문제

I've the following script:

#!/bin/bash

USER="NONE"
LOST=0
AVG=0

while getopts ":pmu:" OPTION; do
    case $OPTION in
        u)
            USER=$OPTARG
            ;;
        p)
            LOST=1
            ;;
        m)
            AVG=1
            ;;
        \?)
            echo "Invalid argument: -$OPTARG"
            exit 1
            ;;
        :)
            echo "-$OPTARG requires an argument."
            exit 1
            ;;
    esac
done

echo "$USER-$LOST-$AVG"

exit 0

I want the -u option to take an argument. The script correctly recognizes invalid options and when -u is called without an argument. But unfortunately, when I type:

myscript -u -m -p

It prints:

-m-1-0

So, it uses -m as -u argument and ignores the -m option itself.

도움이 되었습니까?

해결책

You told getopts that the -u option was followed by an option-argument. -m is a string value; the fact that it starts with a - sign is immaterial to its status as an option-argument; you are allowed to use - at the start of an option-argument value.

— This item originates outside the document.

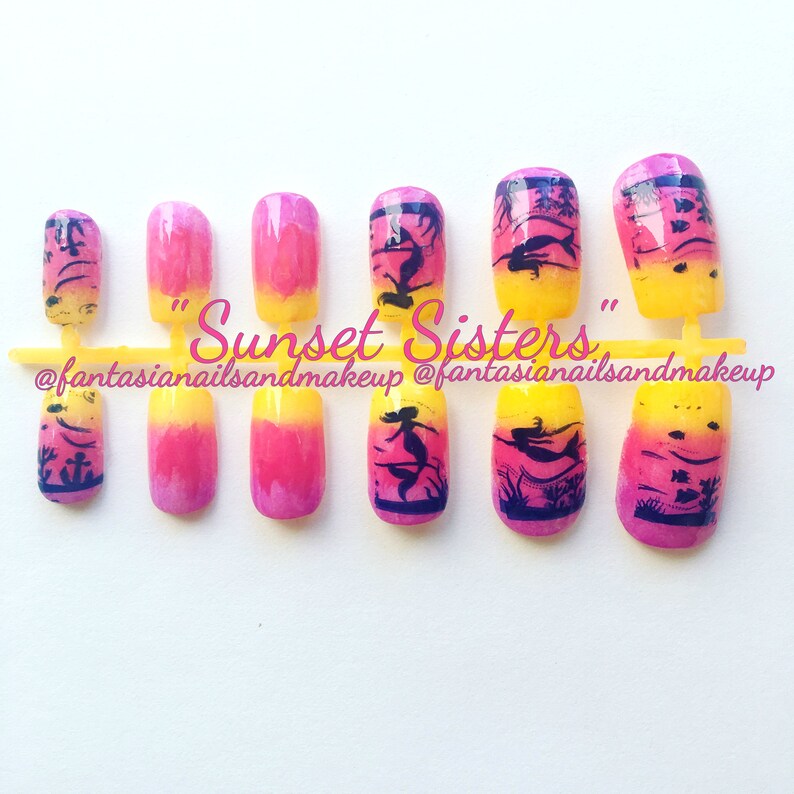 Pink Ombre Mermaid Nails Orange Purple Nails Press On Nails Glue On Nails Fake Nail Set False Nails Faux Nails Square Acrylic Nails

So, your observations are correct. That is the intended design; this is the way the getopt() function works, and it is an implementation of the POSIX Utility Syntax Guidelines — a slightly relaxed version of those guidelines, in fact. If you don't like it, use something else other than getopts, but you'll be fighting against the system.

Note that although POSIX getopt() allows 'optional option-arguments' in theory, in practice, only the last option on the command line can have an optional option-argument, making them essentially useless.

It is perfectly possible to devise option parsing systems that behave differently and which substantially satisfy the Utility Syntax Guidelines; many people have done it. Indeed, the GNU getopt program is an extended implementation which is likely what you should be looking at — but it has a very different invocation to get to the behaviour (see also Using getopts in bash shell script to get long and short command line options). The systems are all different, and it is usually complex to describe the required option handling behaviour succinctly yet unambiguously. See Solaris CLIP — Command Line Interface Paradigm for more information*.

* Google search term 'solaris clip' gets you movie clips for the movie 'Solaris'. A working search term is 'Solaris command line interface paradigm'.